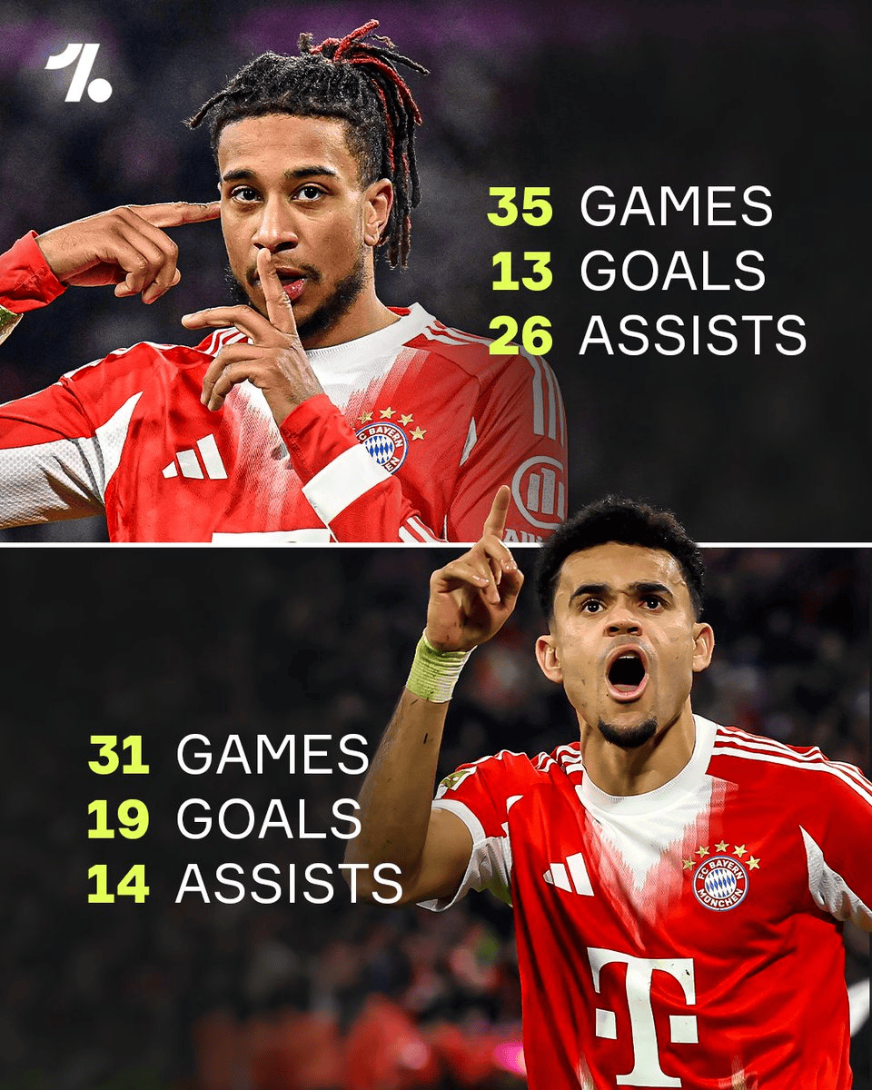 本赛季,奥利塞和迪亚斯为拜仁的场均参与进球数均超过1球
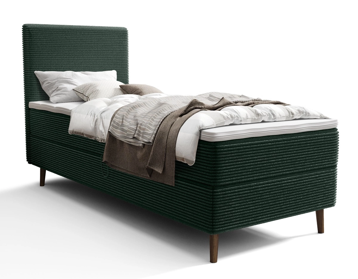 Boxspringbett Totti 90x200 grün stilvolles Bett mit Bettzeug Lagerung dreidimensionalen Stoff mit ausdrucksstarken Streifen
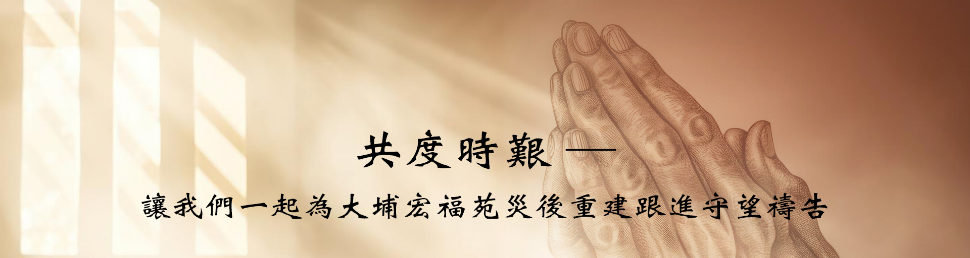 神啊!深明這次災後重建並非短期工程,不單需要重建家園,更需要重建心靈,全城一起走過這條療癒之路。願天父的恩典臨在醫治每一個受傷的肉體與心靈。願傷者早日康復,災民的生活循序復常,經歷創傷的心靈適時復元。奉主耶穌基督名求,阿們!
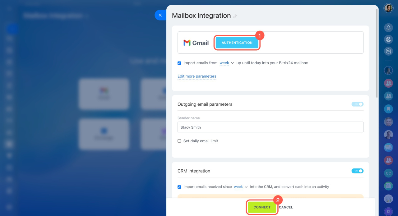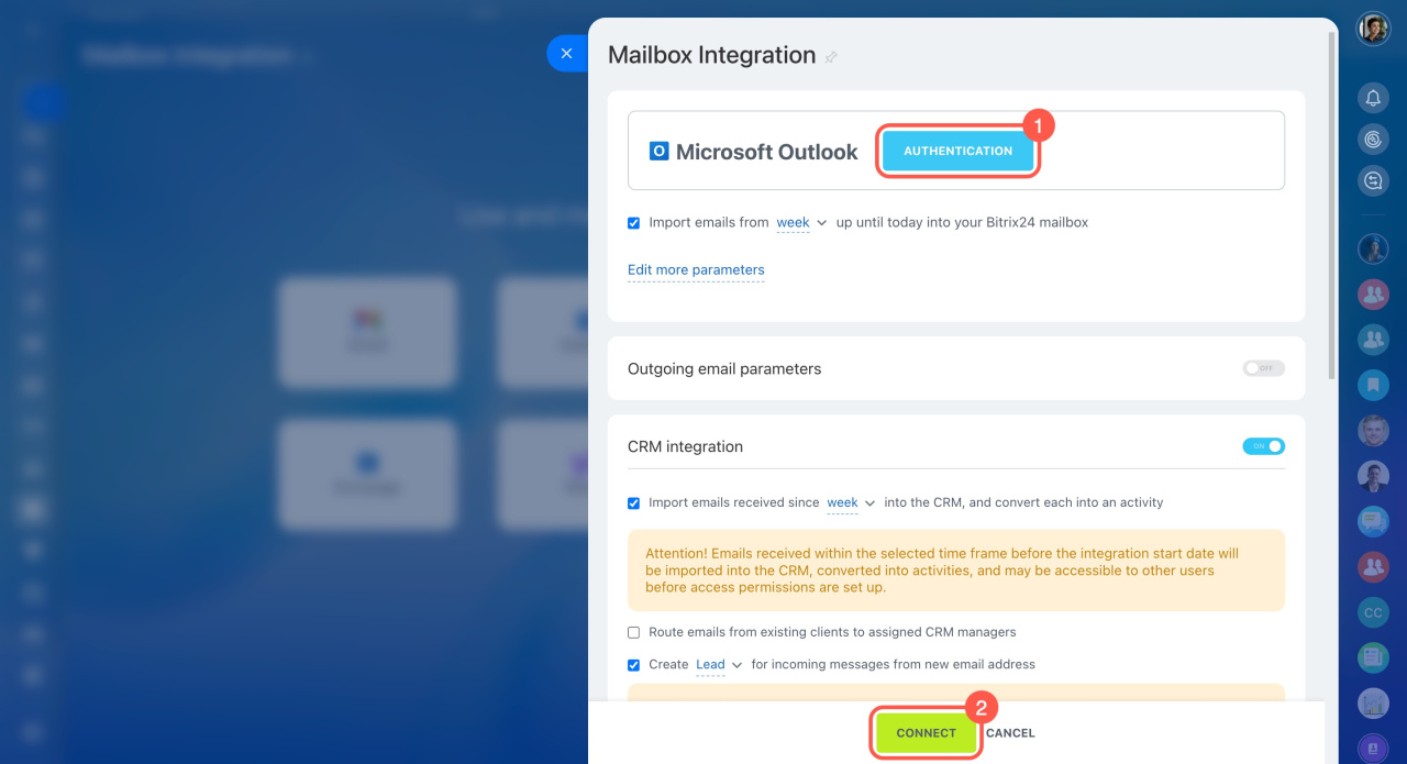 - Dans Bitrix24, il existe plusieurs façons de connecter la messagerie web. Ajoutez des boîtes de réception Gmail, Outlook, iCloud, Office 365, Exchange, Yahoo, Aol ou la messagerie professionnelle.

About this task
An exact reproduction of the material is needed, without its images.

Response area
 本赛季,奥利塞和迪亚斯为拜仁的场均参与进球数均超过1球
 Boxspringbett Totti 90x200 grün stilvolles Bett mit Bettzeug Lagerung dreidimensionalen Stoff mit ausdrucksstarken Streifen
 神啊!深明這次災後重建並非短期工程,不單需要重建家園,更需要重建心靈,全城一起走過這條療癒之路。願天父的恩典臨在醫治每一個受傷的肉體與心靈。願傷者早日康復,災民的生活循序復常,經歷創傷的心靈適時復元。奉主耶穌基督名求,阿們!
 - Dans Bitrix24, il existe plusieurs façons de connecter la messagerie web. Ajoutez des boîtes de réception Gmail, Outlook, iCloud, Office 365, Exchange, Yahoo, Aol ou la messagerie professionnelle.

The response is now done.